Correr

 en Jorge Valencia Munguía

Jorge Valencia*

Desde que nuestros antepasados bajaron de los árboles y desarrollaron las piernas como forma de locomoción, correr se convirtió en una forma de la supervivencia. Huir de los depredadores definió la diferencia entre la vida y la muerte.
Se cuenta que el emperador Moctezuma comía pescado fresco en Tenochtitlán, acarreado por corredores frenéticos y devotos desde la costa. Al otro lado del mundo, la batalla de Maratón se decidió por un soldado que corrió 42 kilómetros con el único propósito de alertar a las tropas griegas del enfrentamiento contra los persas.

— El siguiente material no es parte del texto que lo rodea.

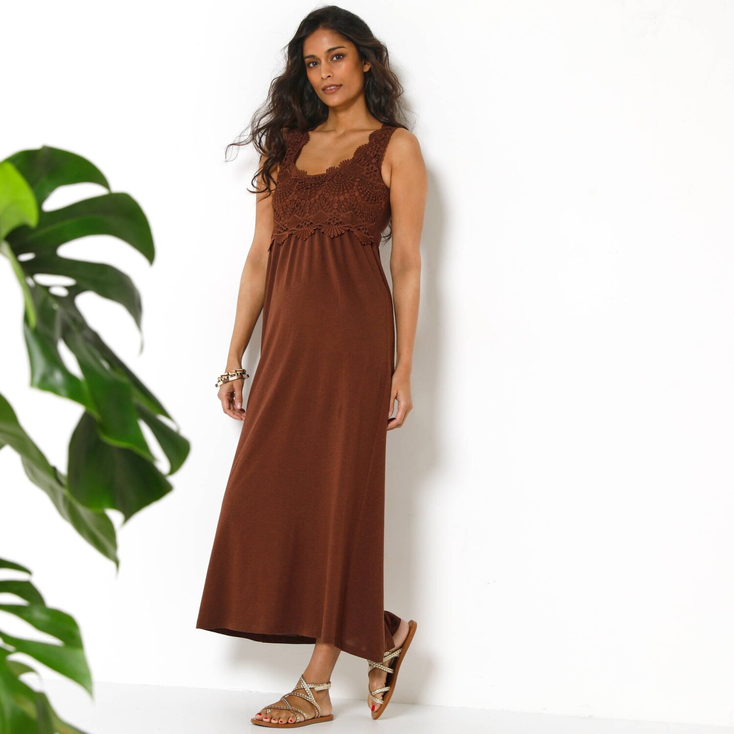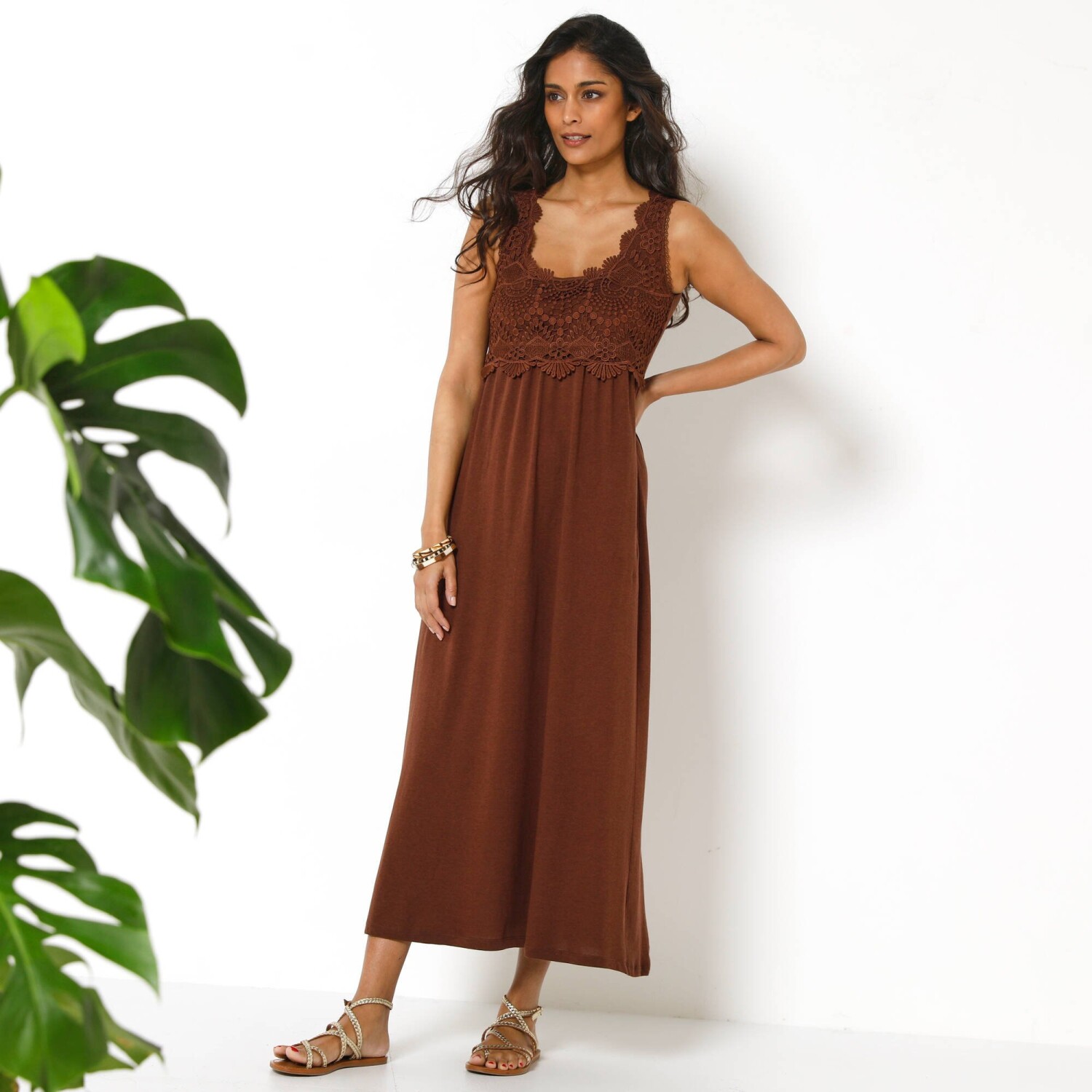 Ta sukienka midi z gorsetem makramowym i zwiewnym krojem doda Ci kobiecego wyglądu. Okrągły dekolt z gorsetem makramowym. Wycięcia z przodu i z tyłu oraz marszczenia. Szerszy dół. Wygodna długość. Produkt został wykonany z wiskozy Lenzing™ EcoVero™. Ekologiczna wiskoza to materiał wytwarzany z pulpy pochodzącej ze zrównoważonych lasów. Proces produkcji zużywa mniej wody i energii. Można prać w pralce.

Luego, murió.
Antes de la dominación de las bestias y la construcción de las máquinas, dependíamos exclusivamente de la fortaleza de nuestras piernas. Sólo a través de éstas, podíamos trascender los escenarios y cumplir los apuros.
Con el advenimiento de los aviones y de los coches y hasta de aparatos recientes inventados para caminar deprisa, correr parece una actividad “demodé”, exclusiva para los tarahumaras o los competidores olímpicos.
Sin embargo, los anhelos sanitarios de las últimas décadas han convertido el acto de correr en una costumbre emblemática que compite con las caminadoras eléctricas (el beneficio es el mismo para quien la prisión autoimpuesta no le resulta fastidiosa). Además de la tonificación de los músculos, la irrigación sanguínea y el bombeo del corazón, correr permite conocer el barrio con mayor detalle que Google Maps.
Se volvió de pronto -correr- en el sucedáneo ideal de la condición física. Las banquetas del fraccionamiento atestiguan la costumbre de los comprometidos entre los excrementos de los perros y las raíces reventadas de los árboles indomeñables.
Amerita un uniforme escrupuloso de marcas propicias cuyo precio cumple la mitad del propósito: la fe. Los kilos excedidos se embuten en Adidas con la gracia de los elefantes ataviados en el circo. Dos cuadras son el promedio para el “dolor de caballo” entre quienes aún no han adquirido el hábito. La constancia demuestra que se trata de un ejercicio apropiado para escurrir la grasa y reconocer el entorno. Sólo la práctica religiosa y la desmañanada perversa garantizan la intención. Pero no el riesgo de infarto en un corazón resuelto al sedentarismo y la inactividad.
Correr con oportunidad en el momento preciso, además, cumple a cabalidad el aforismo popular de “más vale aquí corrió que aquí murió”, cediendo la valentía para mejores ideales.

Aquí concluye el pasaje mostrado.